**DATA PROVIDED:**

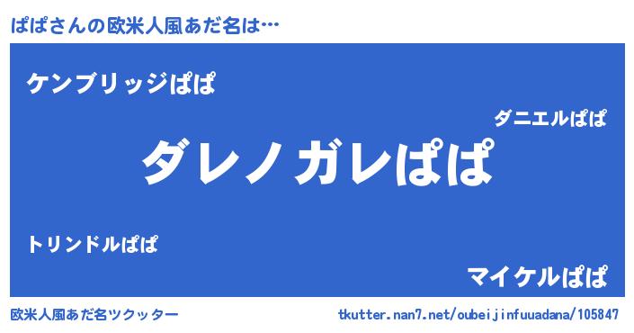| 意味不明あだ名 | 『住所不定無職ぱぱ(84歳)』『自称ぱぱ』 |
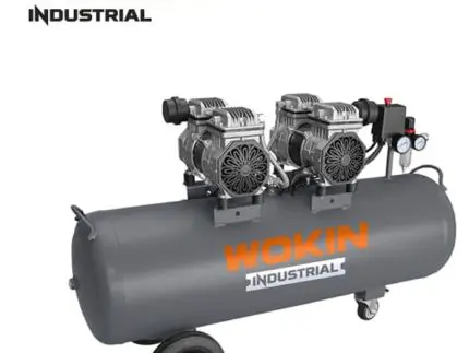 ჰაერის კომპრესორი ზეთის გარეშე Wokin 831512, 2x1380W, 100L, Silent And Oil Free Air Compressor, Grey
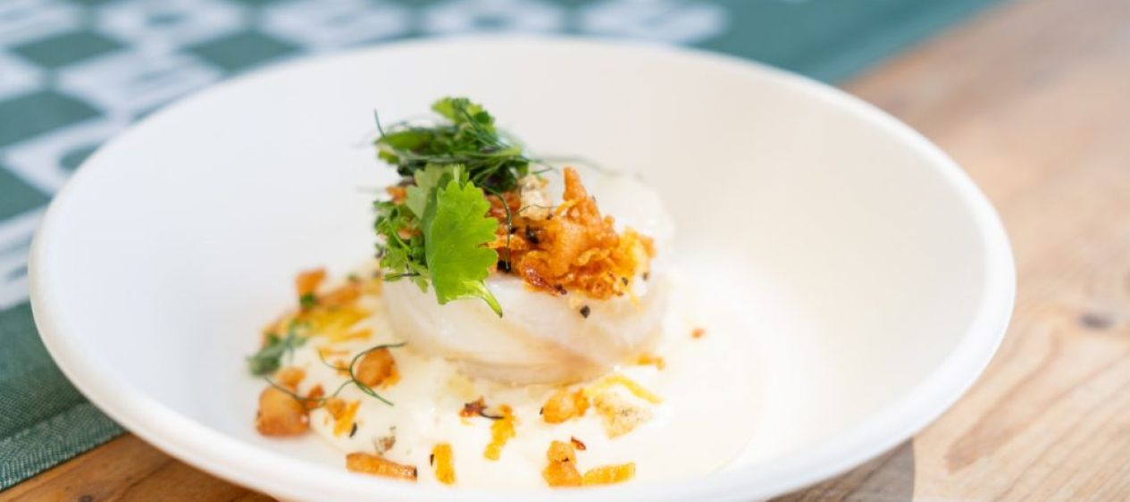 A deliziare i numerosi presenti, in rappresentanza JRE-Italia, il nostro Chef Fabio Mecchina, Soul Restaurant, che ha letteralmente saputo conquistare i palati con un esempio della sua cucina, dimostrando ancora una volta la sua maestria culinaria: un’originale rivisitazione: Fish&Chips 2.0, merluzzo in olio cottura, spuma di patate al lime e una misticanza di erbe aromatiche per un piatto giocato su delicatezza e contrasti.
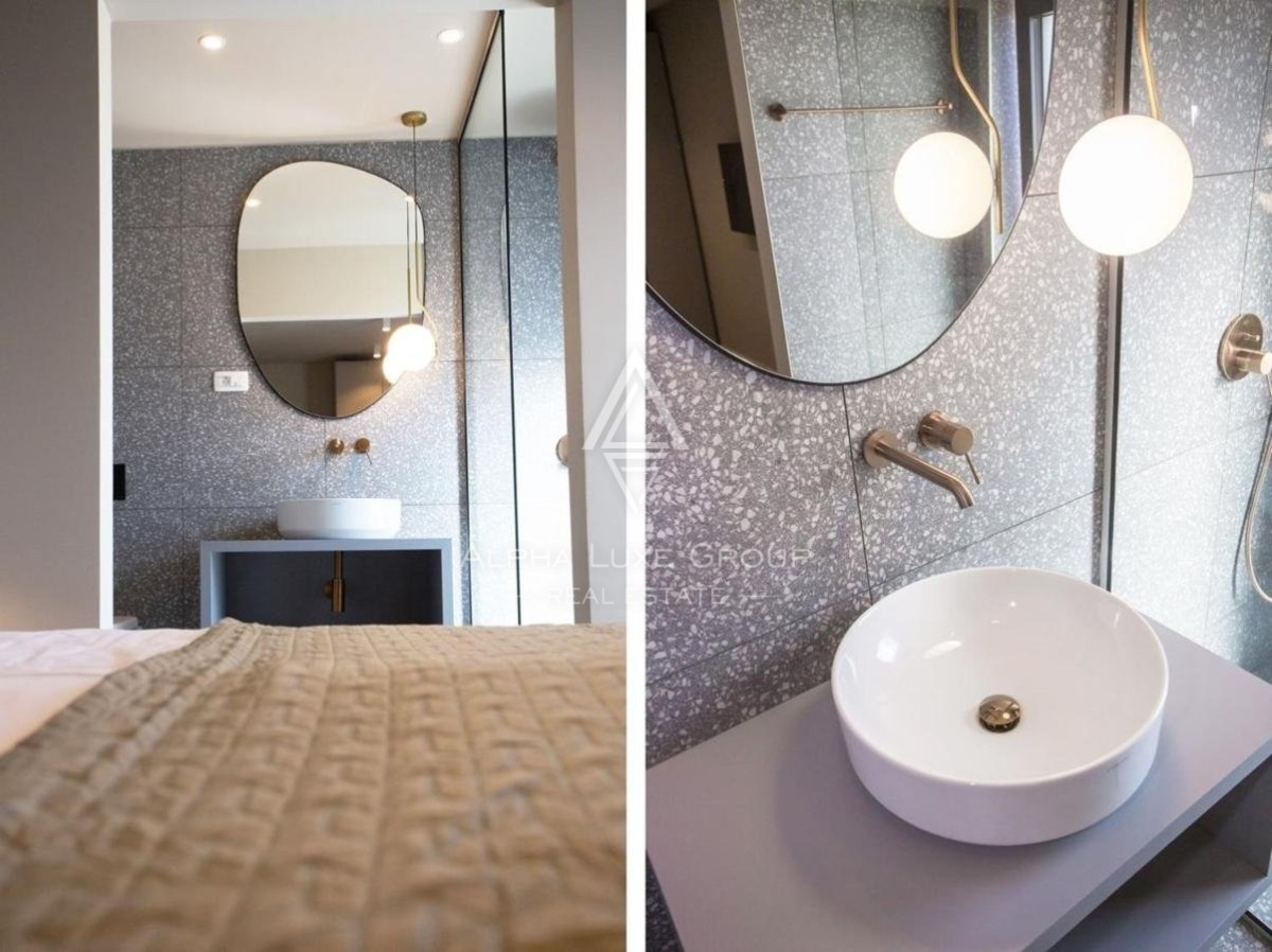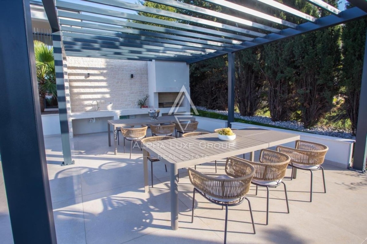 High-end Italian furnishings, elite Catalano and Grohe bathroom fixtures, and a comprehensive security system underscore the villa's commitment to unmatched luxury. Embrace warmth during cooler months with the heat pump, underfloor heating, and individual air conditioners. This fully-furnished paradise, set amidst a verdant expanse of 1753 m2, features towering palms, cypresses, a 40 m2 heated pool, and parking for eight. An outdoor summer kitchen spanning 35 m2 accentuates the estate's charm. While it promises a tranquil personal haven, its potential as a lucrative summer rental cannot be overlooked.

**REQUIRED ACTION:** Leave out the images and copy all remaining data word for word.

**ANSWER TO THIS PROBLEM:**
| 意味不明あだ名 | 『住所不定無職ぱぱ(84歳)』『自称ぱぱ』 |
 ჰაერის კომპრესორი ზეთის გარეშე Wokin 831512, 2x1380W, 100L, Silent And Oil Free Air Compressor, Grey
 A deliziare i numerosi presenti, in rappresentanza JRE-Italia, il nostro Chef Fabio Mecchina, Soul Restaurant, che ha letteralmente saputo conquistare i palati con un esempio della sua cucina, dimostrando ancora una volta la sua maestria culinaria: un’originale rivisitazione: Fish&Chips 2.0, merluzzo in olio cottura, spuma di patate al lime e una misticanza di erbe aromatiche per un piatto giocato su delicatezza e contrasti.
 High-end Italian furnishings, elite Catalano and Grohe bathroom fixtures, and a comprehensive security system underscore the villa's commitment to unmatched luxury. Embrace warmth during cooler months with the heat pump, underfloor heating, and individual air conditioners. This fully-furnished paradise, set amidst a verdant expanse of 1753 m2, features towering palms, cypresses, a 40 m2 heated pool, and parking for eight. An outdoor summer kitchen spanning 35 m2 accentuates the estate's charm. While it promises a tranquil personal haven, its potential as a lucrative summer rental cannot be overlooked.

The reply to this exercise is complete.